Юрай предложил позвонить по «несчастному телефону» – вдруг шла, оступилась, ударилась, кто-то взял ее и отвез в больницу… В первую попавшуюся.
– Она была во дворе одетой, – вспоминал он. – Не просто выскочила во двор, а как бы собралась…
Вот тогда они с Нелкой и определили время – восемнадцать тридцать.
– Ладно, – сказала Светлана, – я переночую тут, не поеду в ночь.
Ей предложили поесть, но она отказалась, сказала, что мама включила холодильник и забросила туда харч, мама в этом смысле особа предусмотрительная – еда должна человека ждать в любом месте, где он может ненароком оказаться. Такой у нее закон.
– Хороший закон, – одобрила Нелка.
Светлана не сказала, что в холодильнике было и спиртное, полный набор в спецотсеке. Но все непочатое.
– Время, конечно, гнусное, – сказала Нелка после ухода гостьи. – Но ведь был еще почти светлый день.
– Плохая история, – покачал головой Юрай.
– Брось, брось! – закричала Нелка. – Это в тебе еще сидит и не вышло то, старое… Согласись, по закону вероятностей не может рядом с тобой снова начаться какое-нибудь новое безобразие. Не может! Иначе я буду думать, что ты как черная дыра… Втягиваешь в себя беду…
– Это мне ни к чему, – заметил Юрай.
На том и согласились. Проснувшись утром, Нелка посетовала:
– Я балда, надо было у девушки спросить, когда она собирается назад, в Москву… Проехалась бы с ней, как барыня, на машине. – Она выглянула в окно: машина стояла во дворе.
– Ну сходи, узнай, – предложил Юрай.
– Да нет уж! – вздохнула Нелка. – Богемная публика спит долго, разбужу раньше времени, рассержу, в аварию влезем… Не судьба мне быть барыней…
Они позавтракали, Нелка оставила деньги для Таси, поцеловала Юрая и исчезла за деревьями. День обещал быть хорошим, и Юрай наметил себе программу: чуть-чуть походить по двору. Он попросит Тасю, чтоб та, если сможет, задержалась и подстраховала его.
Тася, как всегда, явилась как штык. Ровно в девять. Она вылезла из своих детских одежек и облачилась в джинсовую юбку из хороших, клетчатую мужскую рубаху, завернутую в рукавах, китайские кеды. На голове лежал пластмассовый ободочек, который как бы делал ее ниже и плоше. Юрай возьми и скажи:
– Вам, Тася, пошла бы высокая прическа, вы себя недооцениваете…

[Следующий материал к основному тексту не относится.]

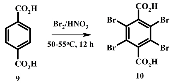 Long heating of isophthalic acid 5 with bromine in concentrated HNO3 at 55˚C - 60˚C does not lead to introduction into the ring more than two bromine atoms. Terephthalic acid 9 unlike acid 5 is completely brominated in concentrated HNO3. Heating of terephthalic acid 9 with bromine in concentrated HNO3 at 50˚C - 55˚C for 12 hours gives tetrabromoterephthalic acid 10 in yield 65% (Scheme 3). Earlier this compound was synthesized by bromination of terephthalic acid in 20 % oleum at presence of iodine at 125˚C during 76 hours [12] .

Он почувствовал, что женщина как бы закаменела, а потом повернула свое простоватое лицо и сказала:
– У меня на голове три волосины. Их ни в какую прическу не соберешь…
– А вы их как-нибудь возбудите, – уныло продолжал глупый разговор Юрай. Действительно, три волосины, да еще и не очень чистые, прямые пряди безнадежно обвисли, отрицая всем своим видом возможность кудрявиться и как-то там подыматься вверх… «Голову надо чаще мыть», – подумал Юрай, испытывая это проклятущее состояние: сам полез, куда тебя не звали, и теперь винишь того, к кому полез… Короче, Юрай решил, что ни о чем просить Тасю не будет. Не та ситуация. Она же сделала свои дела, аккуратно взяла деньги из-под сахарницы и ушла, оставив Юрая с чувством неловкости и собственной дури. Именно поэтому он крикнул ей вслед:
– Звонила мама, передает вам привет!
Тася остановилась возле режиссеровой дачи, повернулась, кивнула головой и побежала дальше, а он отметил, что машина как стояла, так и стоит, а значит, Светлана все еще спит, но теперь, после его крика, проснется, надо будет попросить у нее «пардону» за шум в неурочное время.
Вот чтоб ее не прозевать и повиниться, он и сделал три шага вниз с крылечка. Сошел на землю. Сам…
«Идиот! – подумал он. – А как взберусь назад?» Но некто другой в нем радостно толкался и говорил: «Ходи, дурак, ходи! Само не пойдется, само ничего не делается…»
А когда сошел, тогда только и спохватился, что палочку, с которой ходил по комнате, он оставил там, на террасе, на невообразимой высоте трех ступенек крылечка. Уцепился за перила, а палочку, кретин, забыл.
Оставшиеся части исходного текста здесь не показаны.